Highlights in child mental health research: February 2025

Prepared by AIFS, Australia, February 2025

Resource Summary

The monthly research summary provides a selection of recently released papers, systematic reviews, and meta-analyses related to infant and child mental health.

Each summary includes an introductory overview of the content for the month, followed by a list of selected articles. Each article is accompanied by a brief synopsis which presents the key messages and highlights. Links to abstracts, full-text articles and related resources, where available, are provided.

What’s new this month in child mental health research?

This month’s highlights include:

Culturally responsive interventions for autistic children and their families

This study conducted a meta-analysis to examine the effectiveness of culturally responsive interventions for autistic children and their families from culturally and racially diverse backgrounds, such as immigrant families. The paper examined 24 studies and found that culturally responsive interventions have a large and positive impact on autistic children’s social and communication skills and mental health. They also had a positive impact on parents’ mental health. The findings indicate that adapting programs to be culturally appropriate can lead to positive outcomes.

Sleep duration in adolescence buffers the impact of childhood trauma on anxiety and depressive symptoms

This study conducted an online survey of 752 adolescents on traumatic experiences and sleep duration, to examine the relationship between sleep, trauma, and anxiety and depressive symptoms. The study found that adolescents who had experienced trauma and received an adequate amount of sleep had lower anxiety and depressive symptoms than those with inadequate sleep and experiences of trauma. The study highlights the effects of childhood trauma on sleep and the importance of sleep for mental health.

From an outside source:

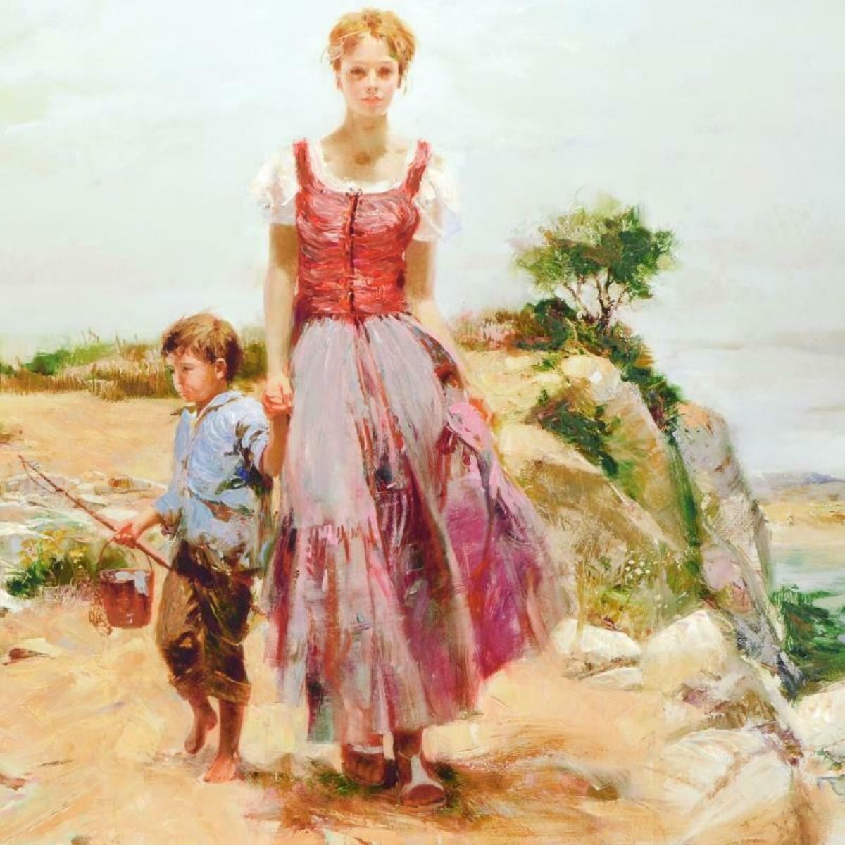 "Cliffside at the Sea" is a limited edition giclee on stretched canvas that has been hand-embellished by Pino himself, AP Numbered and Hand signed by Pino (1939-2010). Includes Certificate of Authenticity. Measures approx. 40" x 32" (image).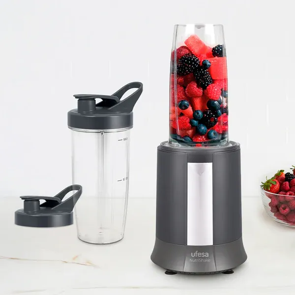 Inclui 5 acessórios: 2 garrafas de 800ml, lâminas para bater, 2 tampas para bebidas desportivas

Screen time among kindergarten children in the ACT

This study examined the relationship between screen time and health outcomes among First Nations children and non-Indigenous children in the Australian Capital Territory (ACT). The study used data from the ACT Kindergarten Health Check Survey on 5,516 children. The study found that more than two hours per day of screen time was associated with poor health outcomes for non-Indigenous children, but no association was found between screen time and health outcomes for First Nations children. They found most children in the ACT are meeting the guidelines of two hours of screen time per day for children aged 5-17 years.

Mental health help-seeking behaviours among children from diverse communities

This study examined emergency department presentations among children from culturally and linguistically diverse communities in Australia. The study used electronic medical reports from public health hospitals in New South Wales between 2016-2022. The study found children and young people from culturally and linguistically diverse communities are more likely to attend emergency departments for mental health reasons that other young people. Young people with intersecting risk factors, including being male or from a disadvantaged background, were more likely to attend for mental health reasons.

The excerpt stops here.